• **Problem to solve**
Below are entries. Copy exactly the lines running from the line that holds "La autopista a" to the line that holds "Además de a", with both ends included.
================================
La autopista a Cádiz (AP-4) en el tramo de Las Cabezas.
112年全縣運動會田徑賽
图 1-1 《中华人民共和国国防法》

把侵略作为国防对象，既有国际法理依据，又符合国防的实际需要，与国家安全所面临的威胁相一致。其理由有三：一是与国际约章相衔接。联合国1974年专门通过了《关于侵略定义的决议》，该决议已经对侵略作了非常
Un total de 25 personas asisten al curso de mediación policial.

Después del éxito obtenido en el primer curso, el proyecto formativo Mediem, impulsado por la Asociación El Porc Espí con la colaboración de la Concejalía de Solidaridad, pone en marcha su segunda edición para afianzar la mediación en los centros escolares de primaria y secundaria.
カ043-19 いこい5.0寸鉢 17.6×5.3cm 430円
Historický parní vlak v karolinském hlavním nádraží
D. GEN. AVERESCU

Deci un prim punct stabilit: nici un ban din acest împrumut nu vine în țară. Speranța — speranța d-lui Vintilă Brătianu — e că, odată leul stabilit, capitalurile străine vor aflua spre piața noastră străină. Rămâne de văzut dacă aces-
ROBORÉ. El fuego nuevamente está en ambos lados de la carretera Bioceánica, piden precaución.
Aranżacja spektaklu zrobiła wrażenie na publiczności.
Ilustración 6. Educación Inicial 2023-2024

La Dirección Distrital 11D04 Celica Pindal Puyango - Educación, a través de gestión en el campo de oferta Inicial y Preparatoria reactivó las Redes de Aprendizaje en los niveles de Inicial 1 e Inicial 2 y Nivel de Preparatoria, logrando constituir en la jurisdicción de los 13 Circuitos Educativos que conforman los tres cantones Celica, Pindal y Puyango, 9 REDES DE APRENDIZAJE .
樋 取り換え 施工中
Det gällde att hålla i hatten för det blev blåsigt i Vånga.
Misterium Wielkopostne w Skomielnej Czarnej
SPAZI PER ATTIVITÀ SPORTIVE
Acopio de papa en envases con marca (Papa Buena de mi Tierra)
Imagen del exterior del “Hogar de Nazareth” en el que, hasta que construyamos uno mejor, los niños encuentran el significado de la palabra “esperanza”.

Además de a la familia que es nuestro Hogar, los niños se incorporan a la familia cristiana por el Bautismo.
================================
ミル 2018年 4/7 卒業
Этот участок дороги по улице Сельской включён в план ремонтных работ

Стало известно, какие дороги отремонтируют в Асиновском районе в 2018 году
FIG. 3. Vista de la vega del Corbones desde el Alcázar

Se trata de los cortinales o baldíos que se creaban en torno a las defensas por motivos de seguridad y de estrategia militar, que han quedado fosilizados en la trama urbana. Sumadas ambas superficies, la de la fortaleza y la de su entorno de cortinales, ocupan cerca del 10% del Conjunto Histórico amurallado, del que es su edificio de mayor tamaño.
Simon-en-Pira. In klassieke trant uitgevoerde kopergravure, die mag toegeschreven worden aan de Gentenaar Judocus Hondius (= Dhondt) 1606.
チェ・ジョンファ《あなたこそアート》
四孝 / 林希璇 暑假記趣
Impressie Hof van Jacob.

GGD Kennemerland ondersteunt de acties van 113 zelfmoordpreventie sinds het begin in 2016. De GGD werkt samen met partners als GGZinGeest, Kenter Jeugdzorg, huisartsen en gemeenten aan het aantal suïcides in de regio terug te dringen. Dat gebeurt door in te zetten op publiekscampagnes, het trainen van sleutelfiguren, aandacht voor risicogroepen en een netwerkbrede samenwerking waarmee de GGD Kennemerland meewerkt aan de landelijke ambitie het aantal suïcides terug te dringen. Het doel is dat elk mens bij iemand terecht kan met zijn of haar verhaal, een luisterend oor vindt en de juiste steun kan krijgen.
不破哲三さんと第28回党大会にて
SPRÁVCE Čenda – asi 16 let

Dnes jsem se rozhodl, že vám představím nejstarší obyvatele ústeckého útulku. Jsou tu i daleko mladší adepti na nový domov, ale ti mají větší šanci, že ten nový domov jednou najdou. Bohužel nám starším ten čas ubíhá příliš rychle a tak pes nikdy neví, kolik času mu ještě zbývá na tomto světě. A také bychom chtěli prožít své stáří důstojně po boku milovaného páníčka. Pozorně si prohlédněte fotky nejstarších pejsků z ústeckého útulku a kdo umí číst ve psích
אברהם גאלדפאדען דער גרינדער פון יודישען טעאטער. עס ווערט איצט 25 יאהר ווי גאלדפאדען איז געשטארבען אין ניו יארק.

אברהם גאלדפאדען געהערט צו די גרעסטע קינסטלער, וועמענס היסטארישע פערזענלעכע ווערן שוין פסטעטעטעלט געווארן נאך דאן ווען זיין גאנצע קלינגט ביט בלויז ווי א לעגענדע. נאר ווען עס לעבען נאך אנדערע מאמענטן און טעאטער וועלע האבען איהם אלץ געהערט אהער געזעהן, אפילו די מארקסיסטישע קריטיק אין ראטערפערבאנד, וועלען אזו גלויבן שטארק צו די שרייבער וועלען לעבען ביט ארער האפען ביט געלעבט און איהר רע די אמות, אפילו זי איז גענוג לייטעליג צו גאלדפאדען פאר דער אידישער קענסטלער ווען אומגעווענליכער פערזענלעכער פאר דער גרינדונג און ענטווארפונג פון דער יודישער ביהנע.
================================
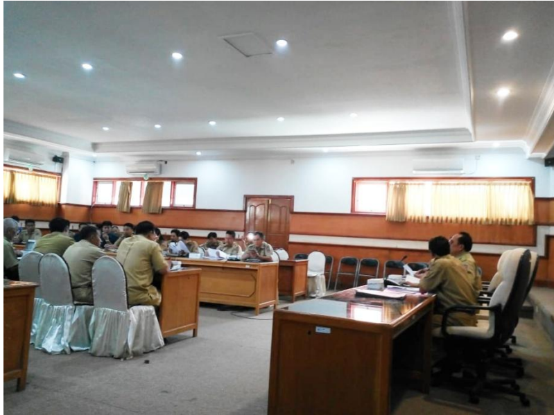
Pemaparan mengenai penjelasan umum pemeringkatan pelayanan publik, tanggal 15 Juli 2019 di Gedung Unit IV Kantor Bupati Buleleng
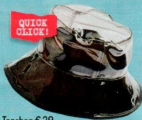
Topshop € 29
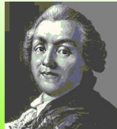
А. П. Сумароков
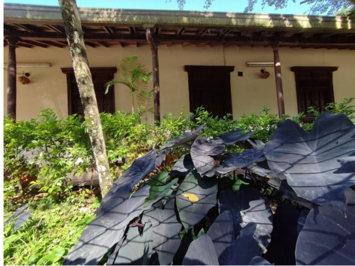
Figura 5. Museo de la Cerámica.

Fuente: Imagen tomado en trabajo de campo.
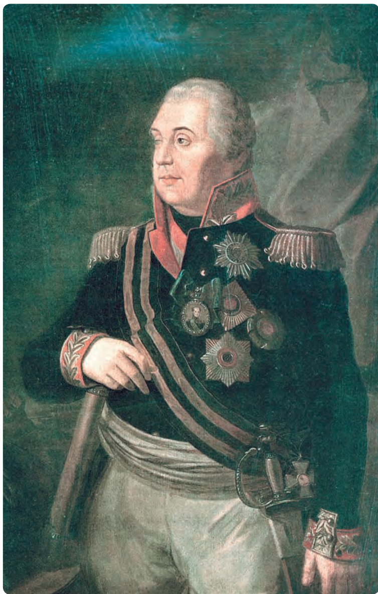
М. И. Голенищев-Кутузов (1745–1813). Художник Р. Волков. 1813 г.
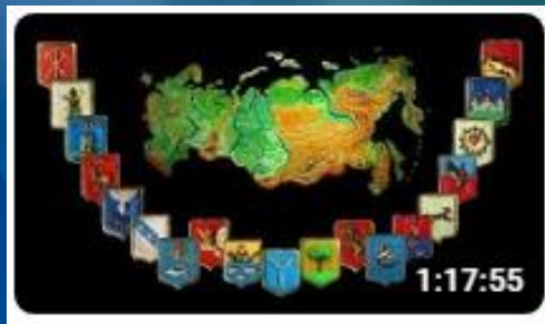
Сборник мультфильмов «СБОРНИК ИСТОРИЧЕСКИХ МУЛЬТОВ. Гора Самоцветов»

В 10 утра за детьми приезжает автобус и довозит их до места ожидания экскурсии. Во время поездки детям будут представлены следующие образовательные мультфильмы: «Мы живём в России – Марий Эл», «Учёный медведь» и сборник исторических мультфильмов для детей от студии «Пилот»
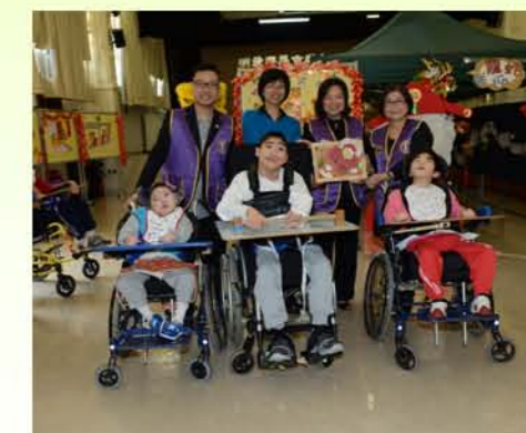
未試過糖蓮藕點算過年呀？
================================
• **Task answer**
La autopista a Cádiz (AP-4) en el tramo de Las Cabezas.
112年全縣運動會田徑賽
图 1-1 《中华人民共和国国防法》

把侵略作为国防对象，既有国际法理依据，又符合国防的实际需要，与国家安全所面临的威胁相一致。其理由有三：一是与国际约章相衔接。联合国1974年专门通过了《关于侵略定义的决议》，该决议已经对侵略作了非常
Un total de 25 personas asisten al curso de mediación policial.

Después del éxito obtenido en el primer curso, el proyecto formativo Mediem, impulsado por la Asociación El Porc Espí con la colaboración de la Concejalía de Solidaridad, pone en marcha su segunda edición para afianzar la mediación en los centros escolares de primaria y secundaria.
カ043-19 いこい5.0寸鉢 17.6×5.3cm 430円
Historický parní vlak v karolinském hlavním nádraží
D. GEN. AVERESCU

Deci un prim punct stabilit: nici un ban din acest împrumut nu vine în țară. Speranța — speranța d-lui Vintilă Brătianu — e că, odată leul stabilit, capitalurile străine vor aflua spre piața noastră străină. Rămâne de văzut dacă aces-
ROBORÉ. El fuego nuevamente está en ambos lados de la carretera Bioceánica, piden precaución.
Aranżacja spektaklu zrobiła wrażenie na publiczności.
Ilustración 6. Educación Inicial 2023-2024

La Dirección Distrital 11D04 Celica Pindal Puyango - Educación, a través de gestión en el campo de oferta Inicial y Preparatoria reactivó las Redes de Aprendizaje en los niveles de Inicial 1 e Inicial 2 y Nivel de Preparatoria, logrando constituir en la jurisdicción de los 13 Circuitos Educativos que conforman los tres cantones Celica, Pindal y Puyango, 9 REDES DE APRENDIZAJE .
樋 取り換え 施工中
Det gällde att hålla i hatten för det blev blåsigt i Vånga.
Misterium Wielkopostne w Skomielnej Czarnej
SPAZI PER ATTIVITÀ SPORTIVE
Acopio de papa en envases con marca (Papa Buena de mi Tierra)
Imagen del exterior del “Hogar de Nazareth” en el que, hasta que construyamos uno mejor, los niños encuentran el significado de la palabra “esperanza”.

Además de a la familia que es nuestro Hogar, los niños se incorporan a la familia cristiana por el Bautismo.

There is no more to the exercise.